There is a growing number of business elites who raise questions about disparity in wealth distribution in the world and Richard Branson, founder of the Virgin Group stands out among them.
Branson, the billionaire entrepreneur known for his philanthropy as much as for his business successes, took the opportunity to talk about the issue while delivering a speech at the Milken Institute Summit in Abu Dhabi this week.
“We have to try and do everything we can to lift the vast majority of people up, when for the last few years the vast majority have not seen their living standards improve,” Branson told the audience. “I don’t think we should throw out capitalism. But for those of us who are fortunate to have made wealth, we have a responsibility to throw that out there and tackle some of the great problems. If we don’t do that, then we deserve to have very heavy taxes levelled on us.”
There is a growing debate about the current state of wealth inequality across the world currently.
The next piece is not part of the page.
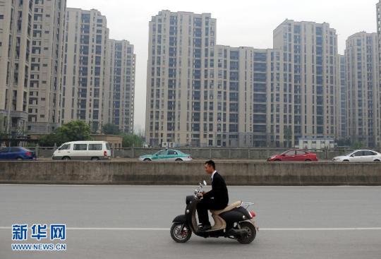4月26日,一位新盤銷售人員騎車奔走在杭州城尋找意向客戶。當日,浙江杭州樓市迎來今年最大的一波開盤潮,12家樓盤集中在周末開盤。同時,杭州樓市的第二波降價潮已經彌漫,降價、低開、特價房等各種促銷手段,層出不窮。杭州樓市繼3月份的“馬年首降”以後,在4月下旬引發第二波降價,特別是杭州臨安的青山湖高端住宅板塊大幅降價,讓原本一直堅挺的高端住宅市場卷入了本輪的降價。“別墅賣出公寓價”成為了杭州樓市今年第二波降價中的標志。杭州官方公布的統計數據顯示:今年一季度,杭州市區商品住房成交均價同比下降11.3%,而成交量為10112套,同比下降了37.8%。目前,杭州商品住房成交面臨著量價齊跌的狀況。另外,杭州樓市的庫存壓力仍在不斷攀升,截至3月底,杭州市區可售商品住房76004套,可售面積998.1萬平方米,同比增加36.2%、32.6%。在4月下旬杭州市舉行的2014年一季度經濟形勢分析會上,有官方人士分析說:“杭州房地產市場面臨下行風險。” 新華社記者王定昶攝
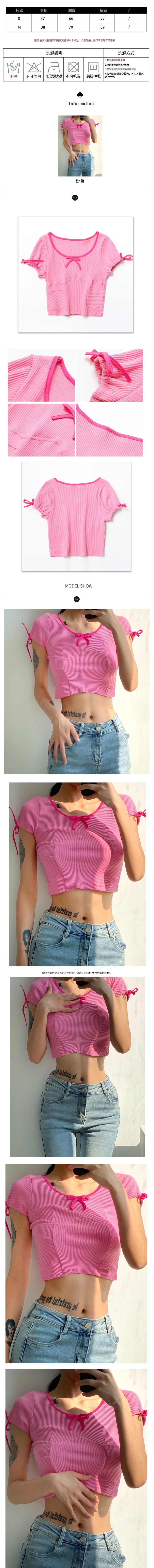 熱賣蝴蝶結抽繩繫帶短袖T卹(粉色)(S/M碼)(下單後聯絡客服確認發貨尺碼)

There are growing demands for imposing more taxes on the rich and the super rich. According to economists, a growing sense of millions of people in the developed world and economies about they being left out of the economic growth in recent decades is partly responsible for the increase in the spread of populist rhetoric and a increasing popularity of anti-establishment politicians.
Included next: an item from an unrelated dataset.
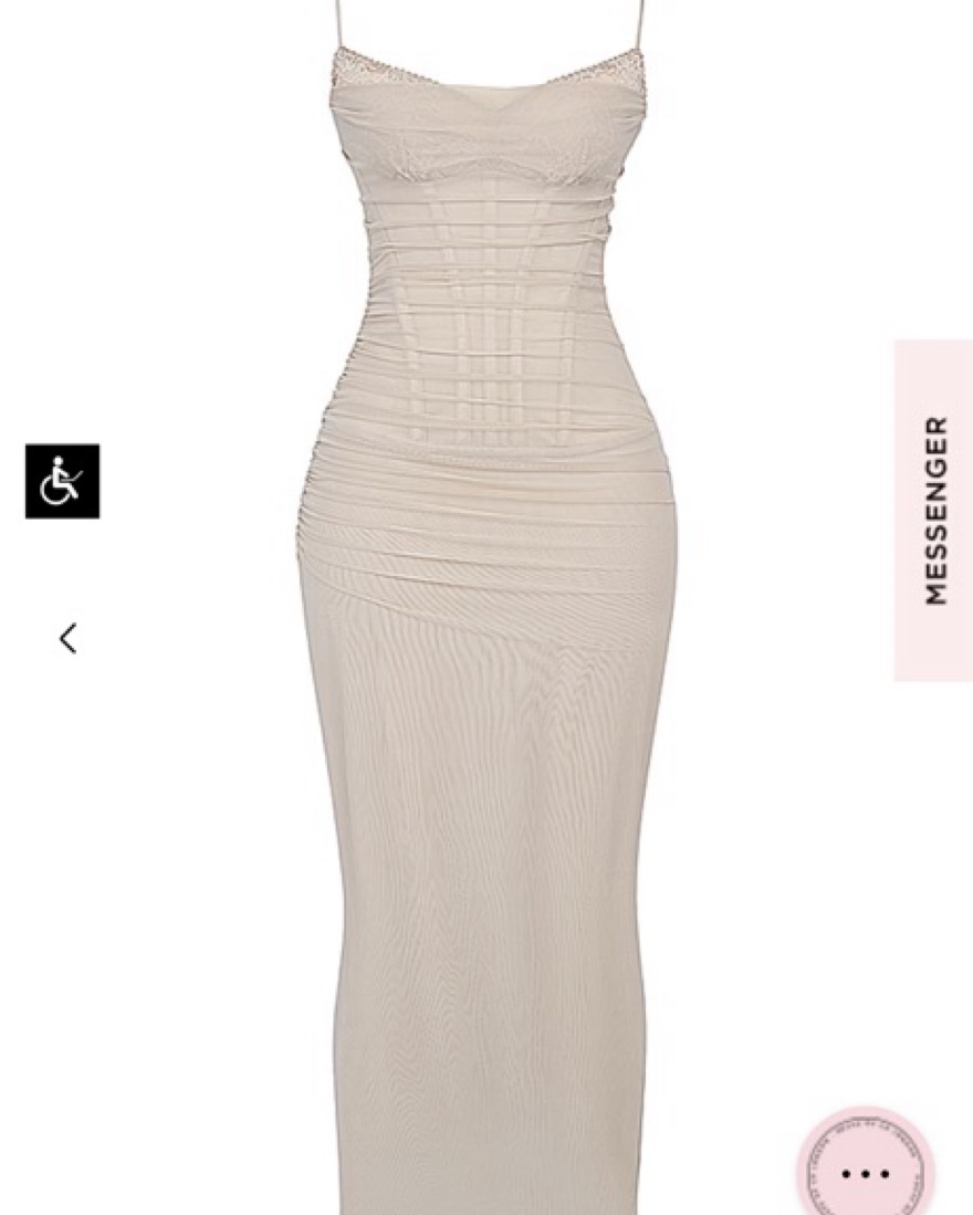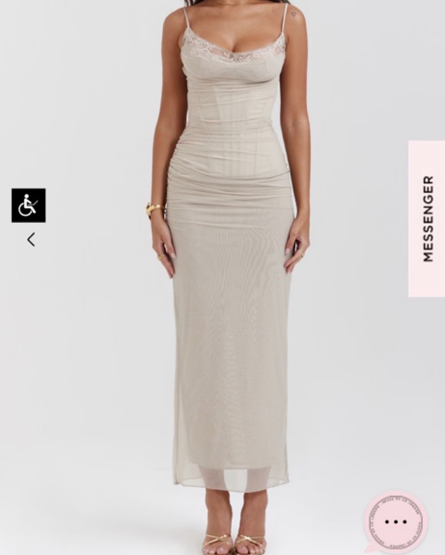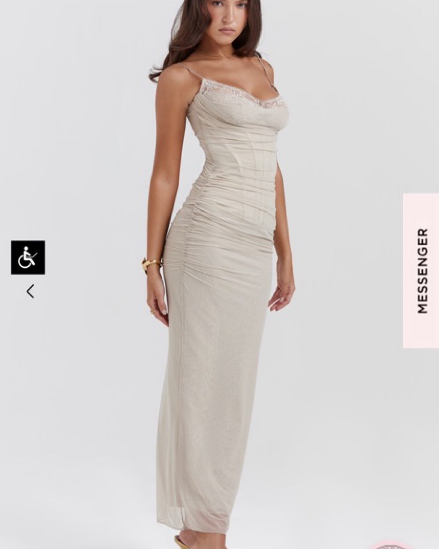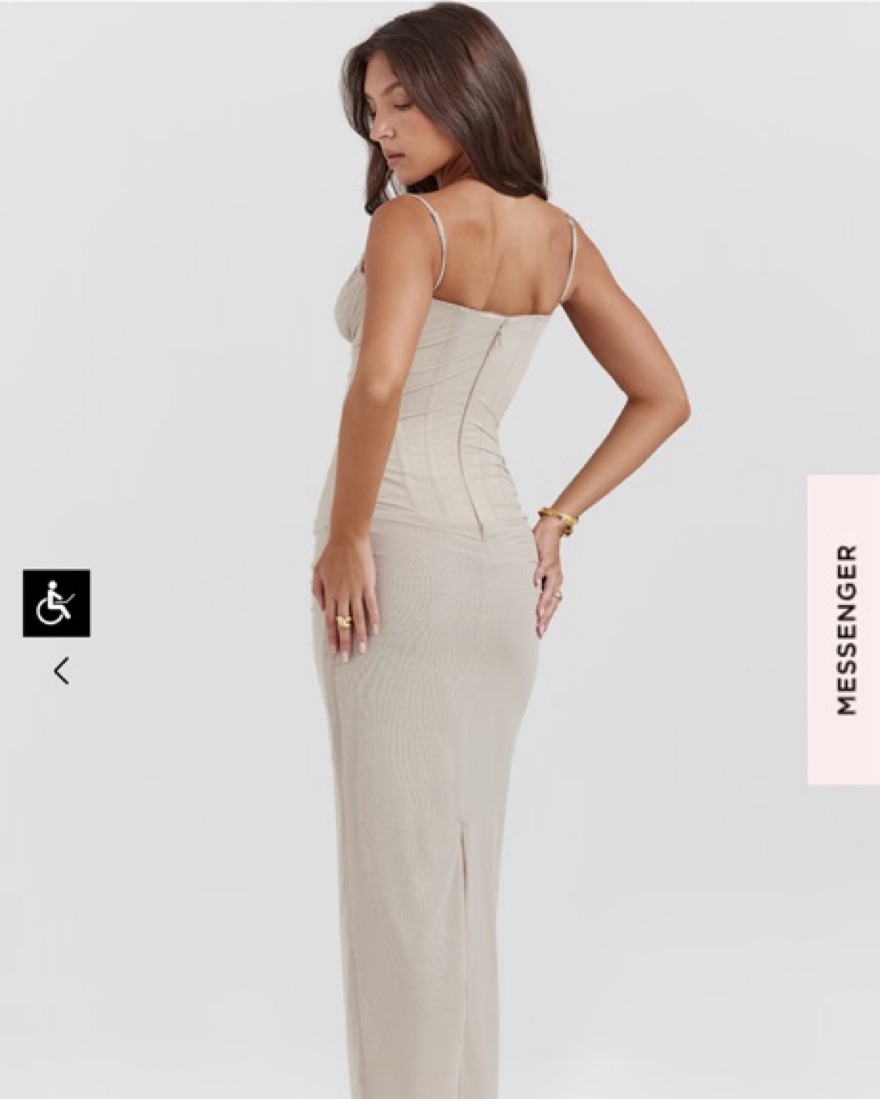 House of CB corset dress in sand, very stretchy but sucks you in and keeps you snatched!

“Capitalism basically is not working for the majority of people. That’s just the reality,” hedge fund mogul Ray Dalio, with a net worth of $18 billion, told a panel at Davos in January.
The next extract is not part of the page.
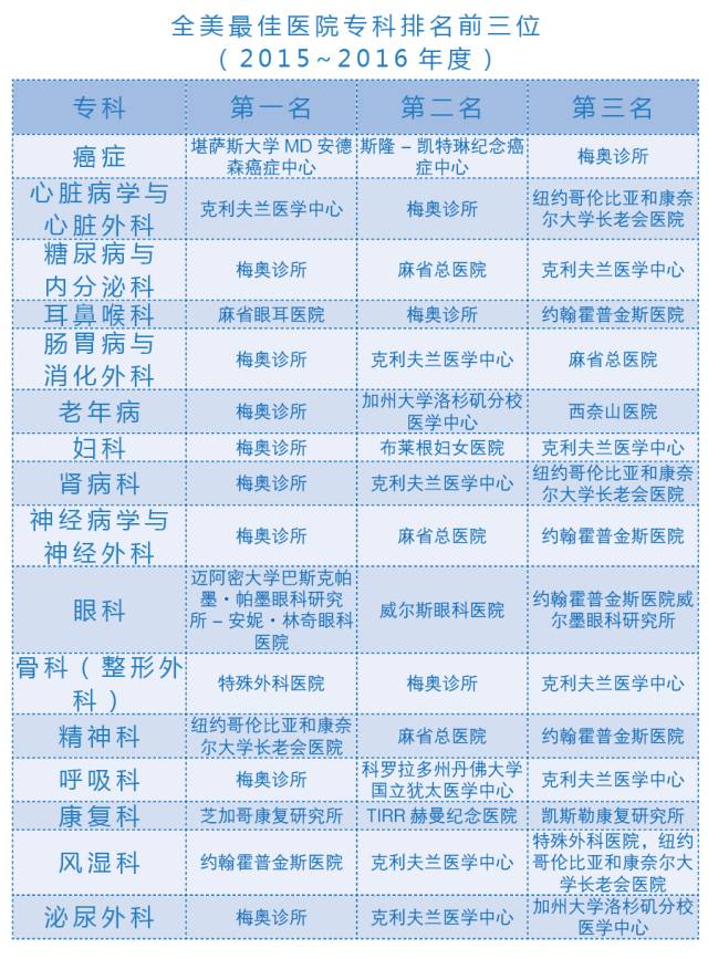 在2015~2016年度的全美最佳醫院排行榜中,137家醫院——不足全美醫療機構總數的3%——成功在至少一個專科領域進入最佳排名榜單。而至少在6個專科領域進入全美前20名的醫院,才能在綜合榜單上占有一席之地。今年,共15家醫院成功登榜。

But during the Summit at Abu Dhabi, he pointed out that “the top one-tenth of 1 percent of the population’s net worth is equal to the bottom 90 percent combined. In other words, a big giant wealth gap.” If he were president, he said, “I think that you have to call that a national emergency.”
According to a recent survey conducted by the US Federal Reserve, about 40 per cent of Americans would not be able to bring out $400 if there is an emergency. And another report by Oxfam in 2019 showed that the wealth owned by the poorest half of the world is the same as just 26 super rich people in the world.
According to comments made by a large section of the high-net worth business leaders, today’s problems would be better solved by the private sector instead of government bureaucracies which are either inefficient or overburdened or both. Speaking at the World Government Summit in Dubai, entrepreneur Arianna Huffington stressed on the urgent need for millions to get access to better health care and said that “corporations can provide the solution.”
However, calls for higher taxes for the rich have been given by some of the super rich such as investing guru Warren Buffett. He wrote that it’s time to “stop coddling the rich” and the time for more equitable distribution of wealth. “My friends and I have been coddled long enough by a billionaire-friendly Congress. It’s time for our government to get serious about shared sacrifice,” he wrote in a New York Times op-ed in 2011. “People invest to make money, and potential taxes have never scared them off,” he said.
More “progressive taxes” on wealth has been professed by Microsoft founder Bill Gates but has opposed Ocasio-Cortez’s aim to target high incomes.
“Now, you finally have some politicians who are so extreme that I’d say, ‘No, that’s even beyond,'” Gates told The Verge in an interview this week. He was referring to a comment by Ocasio-Cortez. “You do start to create tax dodging and disincentives, and an incentive to have the income show up in other countries and things.”